Waymo taxis stood still, and an SF blackout is the reason why: I’ve sat in a Waymo in June this year, and I have to say, it’s so funny to ride in them. But I also thought, what if the lights are out? Seems like I was ahead with my thought, as this is precisely what happened this week.
Mt. Gox’s former CEO is making a comeback with bold claims: Some Bitcoin gossip as well! The former CEO of Mt. Gox, you know, the Japanese exchange that almost broke Bitcoin, is back with an explanation as to why the exchange went bust. It’s pretty vague, but a good read!
Andrew Ross Sorkin’s new Book “1929”: I’ve gotten this book as a gift, and I absolutely love the detailed outlook on the 1929 stock market crisis, which sparked the Great Depression.

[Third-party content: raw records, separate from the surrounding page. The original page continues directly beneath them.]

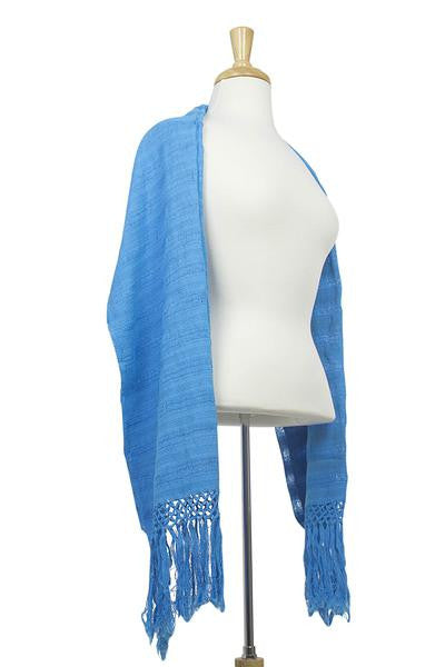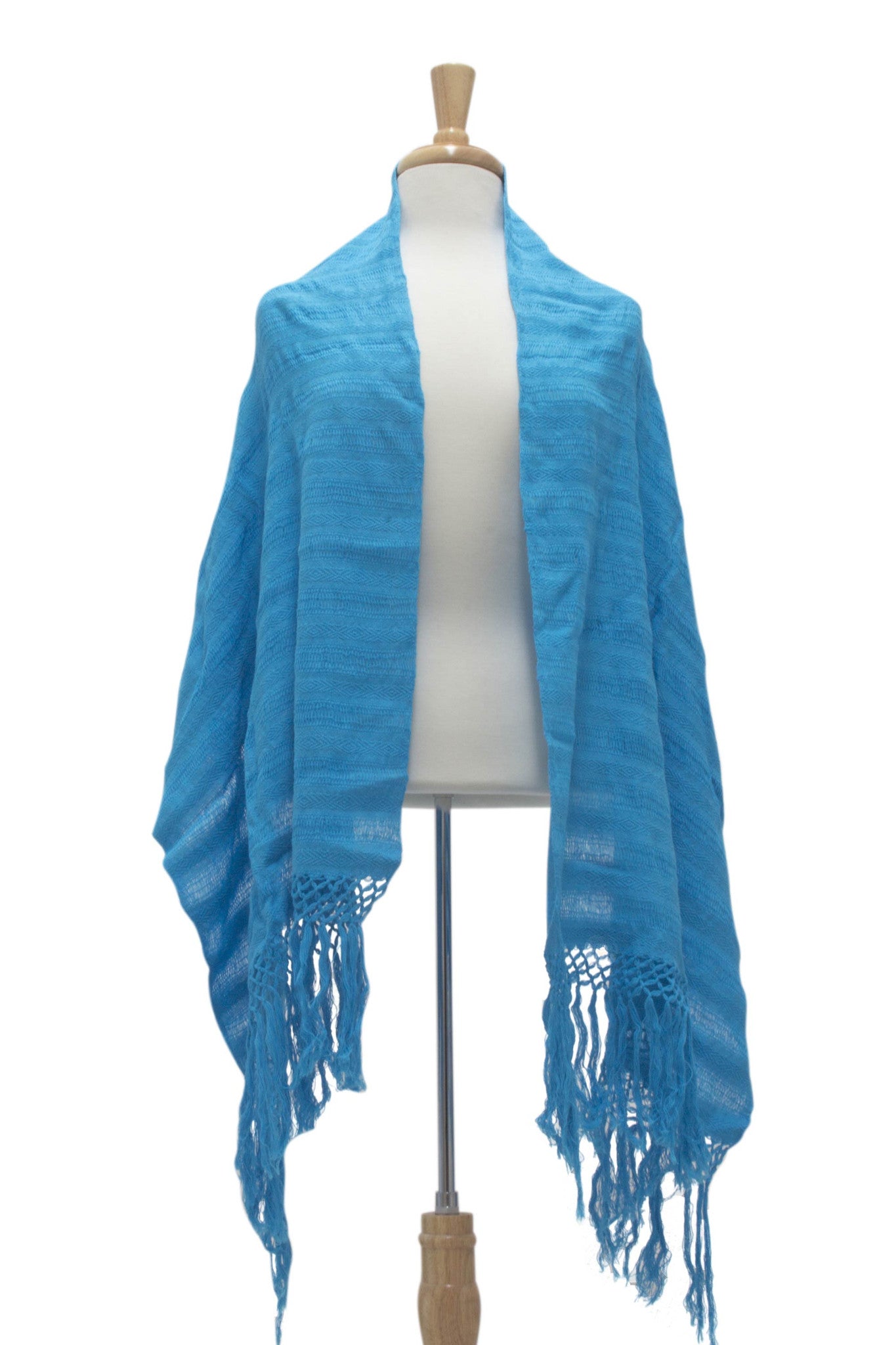 Obtaining sky blue from natural pigments, Oaxacan weavers dye cotton threads as the first step toward creating this lovely rebozo. Mexico's Patricia and Gabriela are proud to present this rebozo, which they regard as a symbol of Mexican femininity. The cotton wrap is woven on a traditional loom while the fringe is finished by hand.
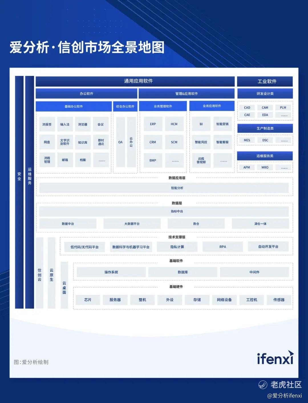 本次报告中,爱分析按照IT架构,自下而上将信创市场划分为:基础硬件、基础软件、技术支撑层、数据层、数据应用层、上层应用软件等六个层级。其中基础硬件包含芯片、服务器、整机、外设、存储等;基础软件包含操作系统、数据库与中间件;技术支撑层包含低代码/无代码平台、数据科学与机器学习平台、隐私计算、信创云、云原生、安全等;数据层包含指标中台、数据中台、大数据平台、数仓、湖仓一体等;数据应用层包含智能分析;上层应用分为通用应用软件与工业软件,涉及办公、管理及应用、研发设计、生产制造等多个细分场景。
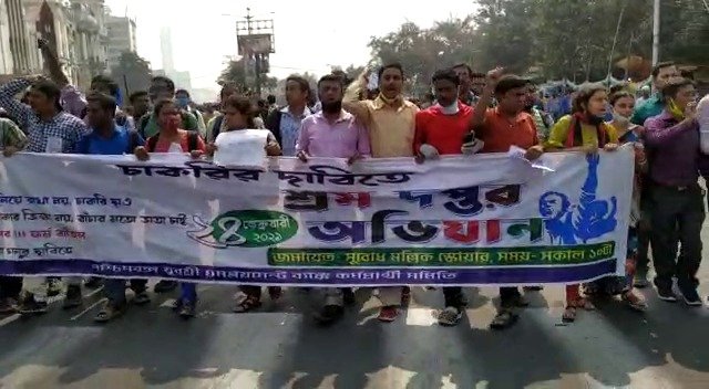 সুবোধ মল্লিক স্কোয়ার থেকে এই প্রতিবাদ মিছিল শুরু হয়। যুবশ্রী প্রতিনিধিদের দাবি , ভাতা নয় চাকরি চাই। তাই তারা আজ পথে নেমেছে এবং শ্রমদপ্তর অভিযান করছে।
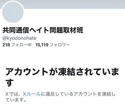 【速報】共同通信ヘイト問題取材班のXアカウント凍結 今年最後のニュースになるwww
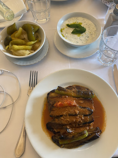 I ordered tzatziki and the lamb with eggplant. Main dishes are around 300 lira and starters around 80 lira. Obviously not expensive by American standards but definitely pricey for Turkey. What was odd to me was that all of my food came out at the same time about 3 minutes after I ordered it. Obviously the tzatziki I expected would have been pre-made but I was a bit surprised that the lamb/eggplant didn't take longer to prepare given the caliber of the restaurant. Nonetheless it was delicious and I was given a massive (too big) bread basket to soak up the juices.
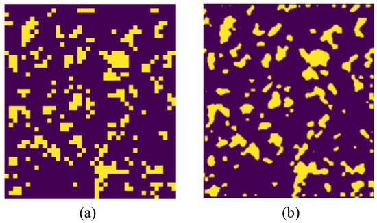 A demonstration of a bitmap using 2D interpolation with the contour parameter c = 0.5. (a) original topology (40 × 46), (b) interpolated topology (200 × 230).
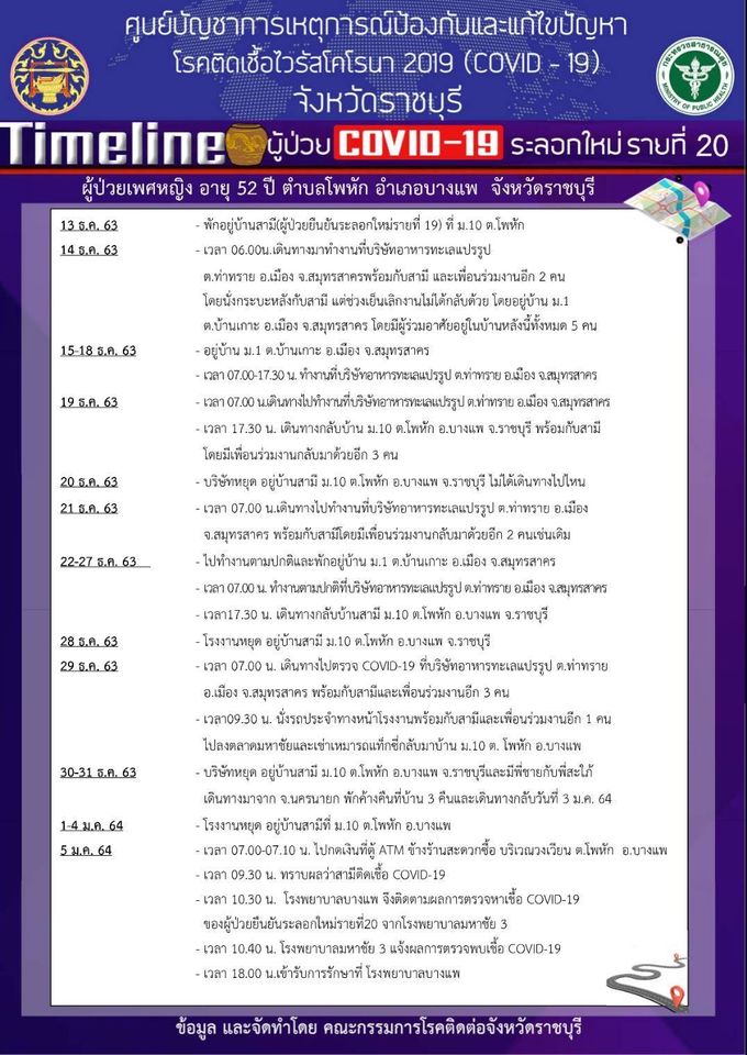 ผู้สื่อข่าวรายงานว่า นายรณภพ เหลืองไพโรจน์ ผู้ว่าราชการจังหวัดราชบุรี พร้อมนายวิสาห์ พูลศิริรัตน์ รองผู้ว่าราชการจังหวัดราชบุรี และแพทย์หญิงปาจรีย์ อารีย์รบ นายแพทย์สาธารณสุขจังหวัดราชบุรี แถลงสถานการณ์โควิด-19 ของจังหวัดราชบุรี แถลงถึงกรณีมีการรายงานข่าวว่าจะมีการตั้ง รพ.สนามใน จ.ราชบุรี เพื่อนำผู้ป่วยโควิด-19 มารักษานั้น จนทำให้ประชาชนในพื้นที่เกิดความวิตกกังวล เรื่องนี้ได้รับการยืนยันจากผู้บริหารระดับสูงแล้วว่าไม่มีการสร้าง รพ.สนามตามที่ได้กล่าวข้างต้นแต่อย่างใดทั้งในค่ายทหารหรือที่อื่นๆในพื้นที่จังหวัดราชบุรี ขอให้ประชาชนสบายใจได้ แต่จังหวัดมีการสร้าง รพ.สนามเตรียมไว้ตั้งแต่โควิด-19 ระบาดรอบแรกแล้วเพื่อรองรับผู้ป่วยชาวราชบุรีหากเกิดการระบาดที่รุนแรงกว่าเดิม ส่วนวันนี้(6 ม.ค. 64) พบผู้ติดเชื้อโควิด-19เพิ่มอีก 4 คน รวมสะสมระลอกใหม่เป็น 20 คน รักษาหายแล้ว 9 คน โดยผู้ติดเชื้อรายใหม่คนที่ 17 เป็นหญิง อายุ 25 ปี เป็นชาว ต.บ้านสิงห์ อ.โพธาราม รายที่ 18, 19 และรายที่ 20 อายุ 50, 49 และ 52 ปี ตามลำดับ เป็นชาวต.โพหัก อ.บางแพ เดินทางไปทำงานที่โรงงานใน จ.สมุทรสาครพร้อมกัน ปัจจุบันผู้ป่วยเข้ารับการรักษาที่ รพ.โพธาราม และ รพ.บางแพ แล้ว ขณะที่ การดำเนินการมาตรการป้องกันและควบคุมการแพร่ระบาดของเชื้อโควิด-19 ซึ่งได้ดำเนินการปิดสถานที่เสี่ยงหลายแห่งแล้วส่วนใหญ่จะไม่ส่งผลกระทบในชีวิตประจำวันของประชาชน เช่นสถานที่เล่นการพนัน โต๊ะสนุ๊ก บิลเลียด สนามมวย ที่สอนมวย สนามเด็กเล่น เครื่องเล่น สวนน้ำ ร้านเกมส์ สระว่ายน้ำ เป็นต้น ส่วนงานบวช งานแต่ง งานตามประเพณีจัดได้แต่ถ้าเกิน 100 คน ต้องขออนุญาตนายอำเภอก่อน ทั้งนี้สามารถดูประกาศและคำสั่งมาตรการควบคุมโควิด-19ของจังหวัดราชบุรี อย่างไรก็ดี จังหวัดราชบุรียังไม่มีการห้ามเดินทางเข้าหรือออก แต่ขอความร่วมมือให้งดเดินทางก่อน ส่วนผู้ที่กลับมาจากจังหวัดหรือสถานที่เสี่ยงขอให้รายงานตัวที่ กำนัน ผู้ใหญ่บ้าน และเจ้าหน้าที่ อสม.ในพื้นที่เพื่อลงทะเบียนและคัดกรองในเบื้องต้น

Highly recommend it!
And that’s a wrap for the first full issue of Internet Native Capital.
As you can see, it’s quite a lot with many moving parts. But I really enjoy recapping what’s going on currently and showing the ins and outs of the interwebs.
Next up will be a deep dive into Bitcoin developers’ identity crisis and what it means for the industry.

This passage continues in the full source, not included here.